For real-time applications, use streaming to receive tokens as they're generated:

import anthropic
client = anthropic.Anthropic()
with client.messages.stream(
    model="claude-opus-4-7",
    max_tokens=1024,
    messages=[{"role": "user", "content": "Tell me a story"}]
) as stream:
    for text in stream.text_stream:
        print(text, end="", flush=True)

Error Handling

Always handle potential errors gracefully:

import anthropic
from anthropic import APIError, APIConnectionError, RateLimitError
try:
    message = client.messages.create(
        model="claude-opus-4-7",
        max_tokens=1024,
        messages=[{"role": "user", "content": "Hello"}]
    )
except RateLimitError:
    print("Rate limit exceeded.
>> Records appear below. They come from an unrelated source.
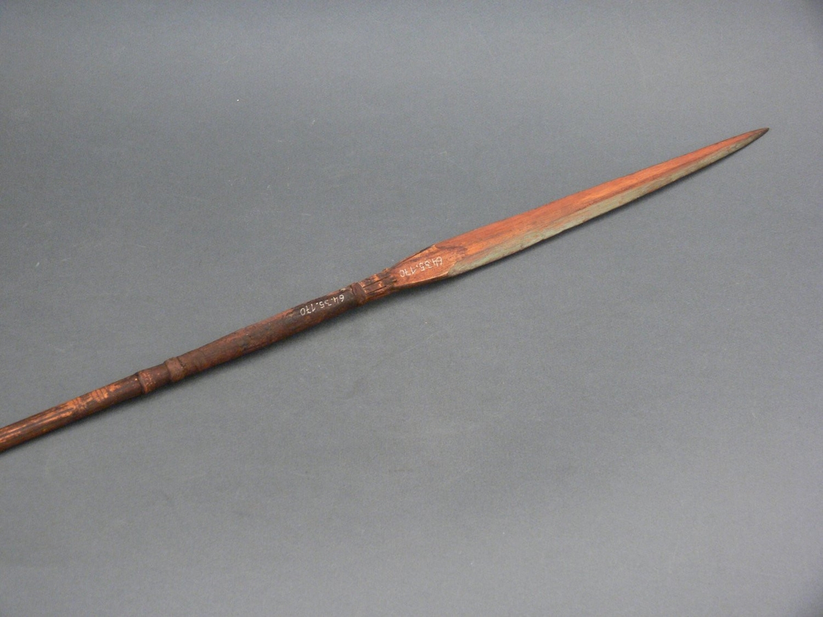 Kétrészes nyílvessző. A bambuszból metszett szárba ragasztóanyaggal megerősített növényi rostfonattal rögzítették az ugyancsak bambuszból faragott levél alakú hegyet. A szárba hosszanti irányban futó csíkokat égettek.
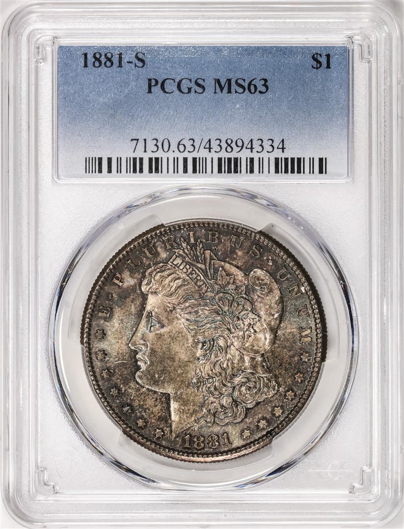 One 1881-S $1 Morgan Silver Dollar Coin PCGS MS63. PCGS Graded.
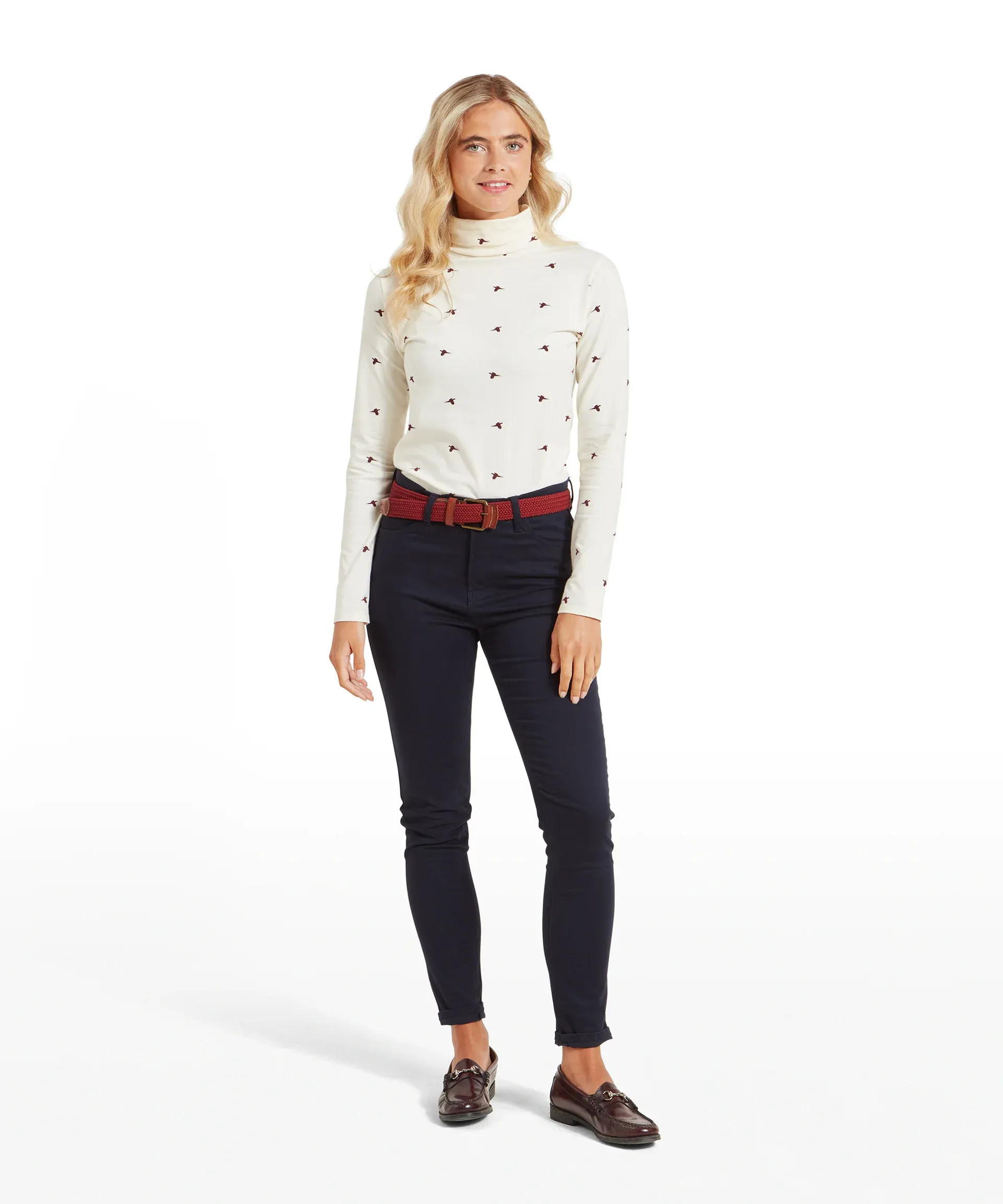 The slim-fitting women's Malham top from Schoffel, brings together a soft stretch-jersey fabric, a roll neck, and a charming silhouette country print in an easy-to-wear layer.

Retrying...")
    time.sleep(5)
except APIConnectionError:
    print("Network error. Check your connection.")
except APIError as e:
    print(f"API error: {e}")

Key Takeaways

The Messages API is stateless—you must send the full conversation history with each request. Manage conversation state on your end.
Use prefill to constrain outputs for multiple choice, JSON, or structured responses, but check model compatibility first.
Vision support enables image analysis—send base64-encoded images alongside text prompts for powerful multimodal applications.
Handle stop reasons appropriately—max_tokens means you can continue the conversation; end_turn means Claude finished naturally.
Stream responses for real-time UX—use the streaming API to show tokens as they're generated, improving perceived performance.